Continuei sempre estudando aquele touro que me dava tanto lucro. E também não posso negar que lhe devotava uma amizade que não se explicava somente como sendo entre o dono e um animal. Ali havia, não sei de imaginação minha ou de realidade, a presença brincalhona de meu avô.
Tal é assim que, quando estava só, eu lembrava da minha neta e o chamava de Romeu. Não que eu quisesse propriamente chamá-lo com esse nome. Mas sim como fazendo uma espécie de evocação. E tinha medo que me escutassem, pois pareceria um ato de tremenda irreverência para com meu avô.
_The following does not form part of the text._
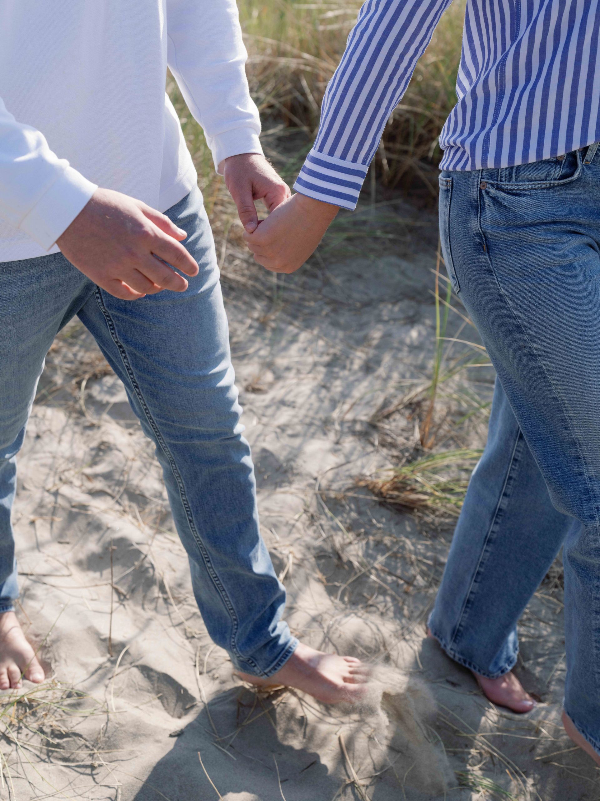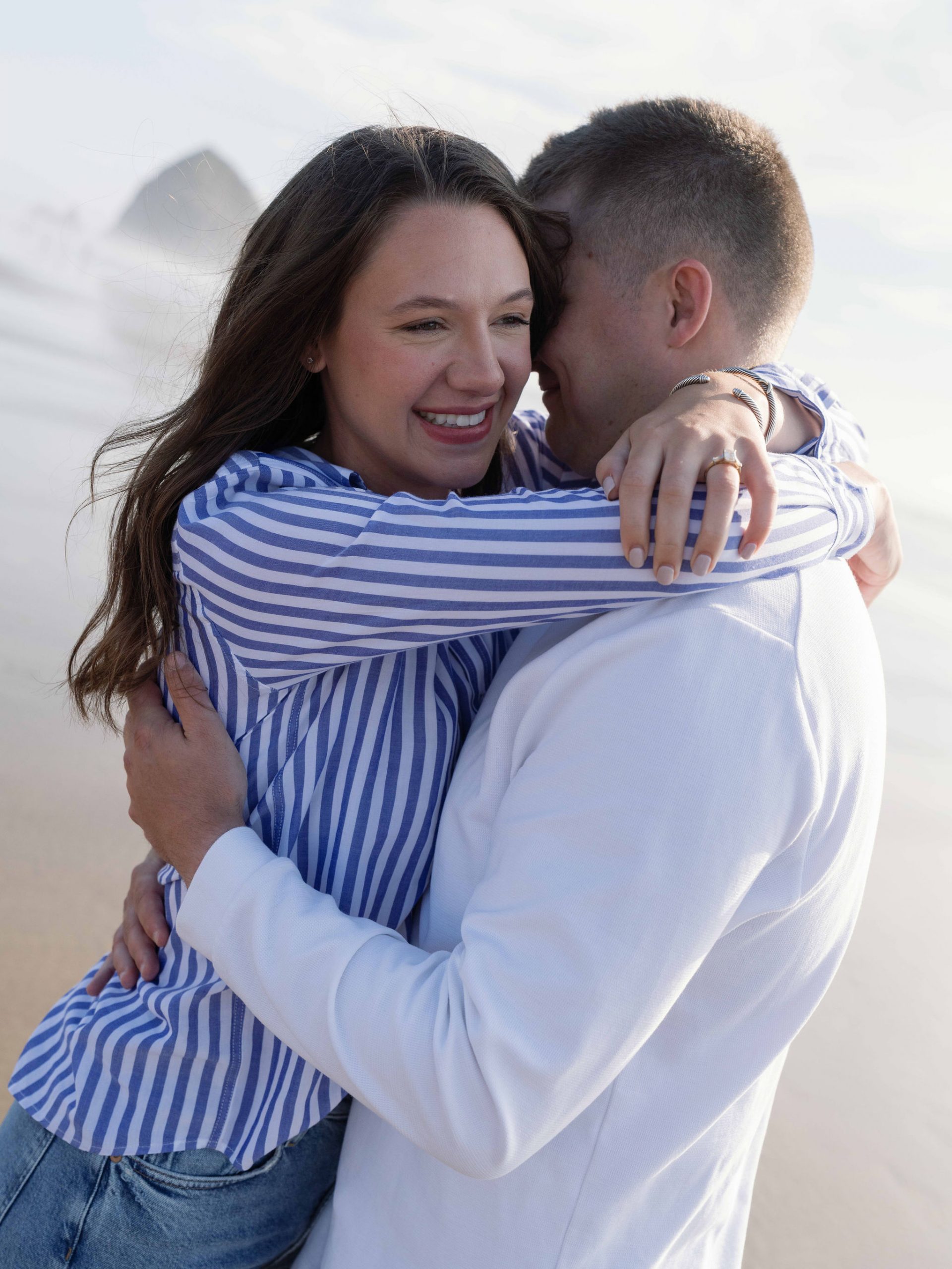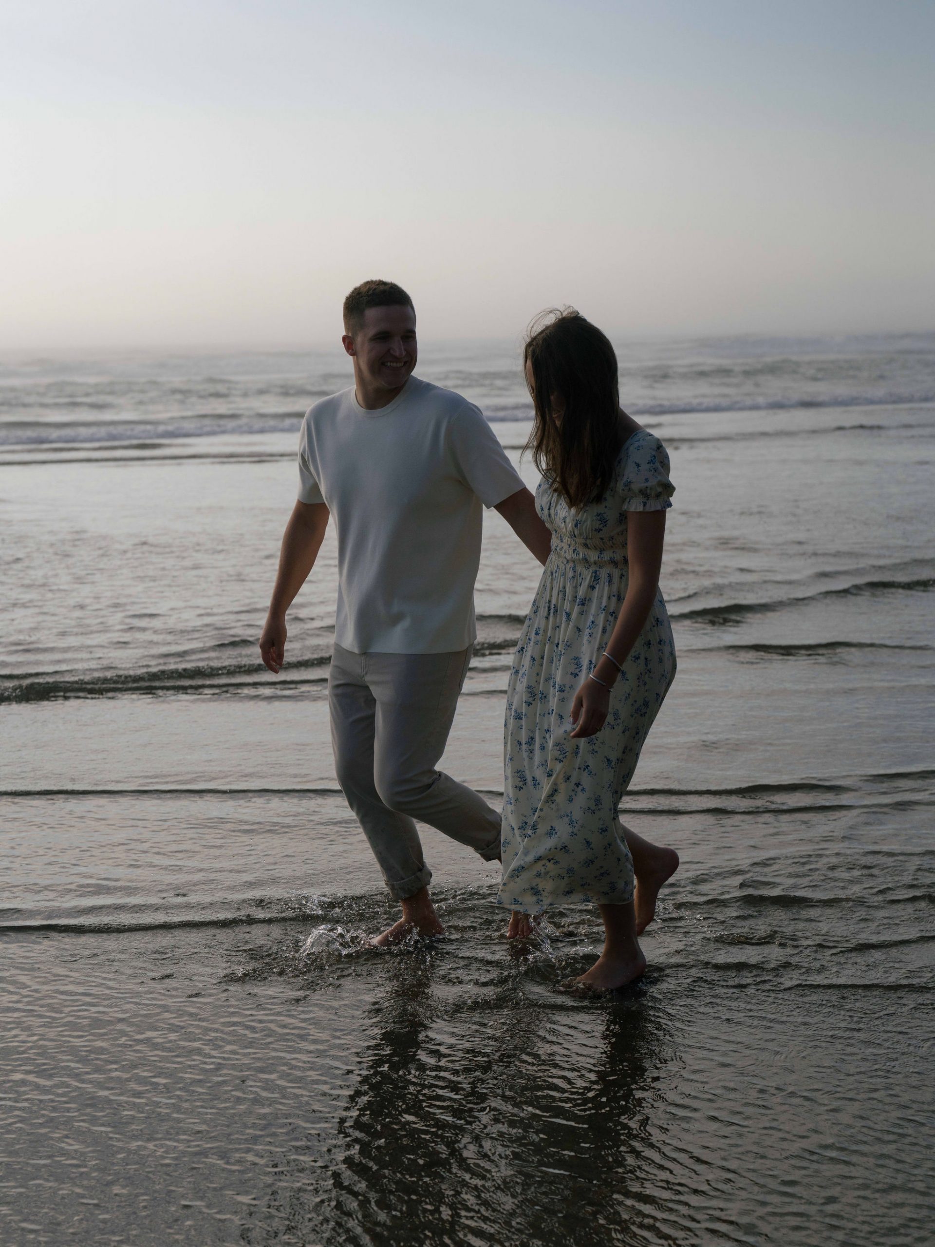 From there, we made our way down to the shoreline. Cannon Beach opened wide before us, its wet sand reflecting the sky like glass. Claire and Ryan ran barefoot along the water’s edge, laughing as the tide curled around their feet. The backdrop of Haystack Rock gave every frame a sense of place, reminding us why Cannon Beach is such a beloved spot for engagement photos.

E quando estava no estábulo observando o touro, e chegava alguém de fora, como o veterinário ou o agrônomo, eu dizia baixinho: “Romeu, finge que você é um boi”. E ele saía com aquele olhar de inteligência e com seu caminhar solene como qualquer touro costuma fazer. Não queria que seus gestos estranhos levantassem suspeitas de mistérios.
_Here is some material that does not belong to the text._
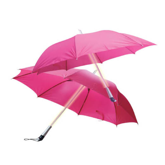 描述: 配有190T春亚纺布、14mm亚克力中棒、玻璃纤维伞架、3种变色LED灯胶手柄

Só muito tempo depois Bartira veio à fazenda, já uma menina brincando com bonecas. Já tinha esquecido do episódio de nomeação. Mas o touro fazia sempre para ela os mesmos gestos que para mim.

A vida continua

Continuei muito tempo ganhando dinheiro e fama de criador inteligente, em boa medida por causa do boi Romeu. Seu sêmen era muito procurado e me dava uma boa grana.
Como tudo é assim, depois de vários anos, o touro morreu. Morreu tranqüilo e com aquela pose solene dos bovinos, deixando de respirar sem sofrimento. Como tudo na vida fosse uma continuidade. Elo após elo. Mesmo numa aparência de morte.
Como era um touro muito especial, de importância reconhecida, todos acharam muito natural quando resolvi enterrá-lo na beira de uma pedra bem perto daquele pé de Jatobá em cima do morro que se avistava da sede.
E aí começou uma nova lenda viva até hoje. Todos que lá êh vão mesmo sem saber a história de Romeu, sentem que aquela pedra está sempre quente. Dizem que é calor perene de amizade. E é assim na luz do sol, no sereno da noite escura e na luz fria do luar.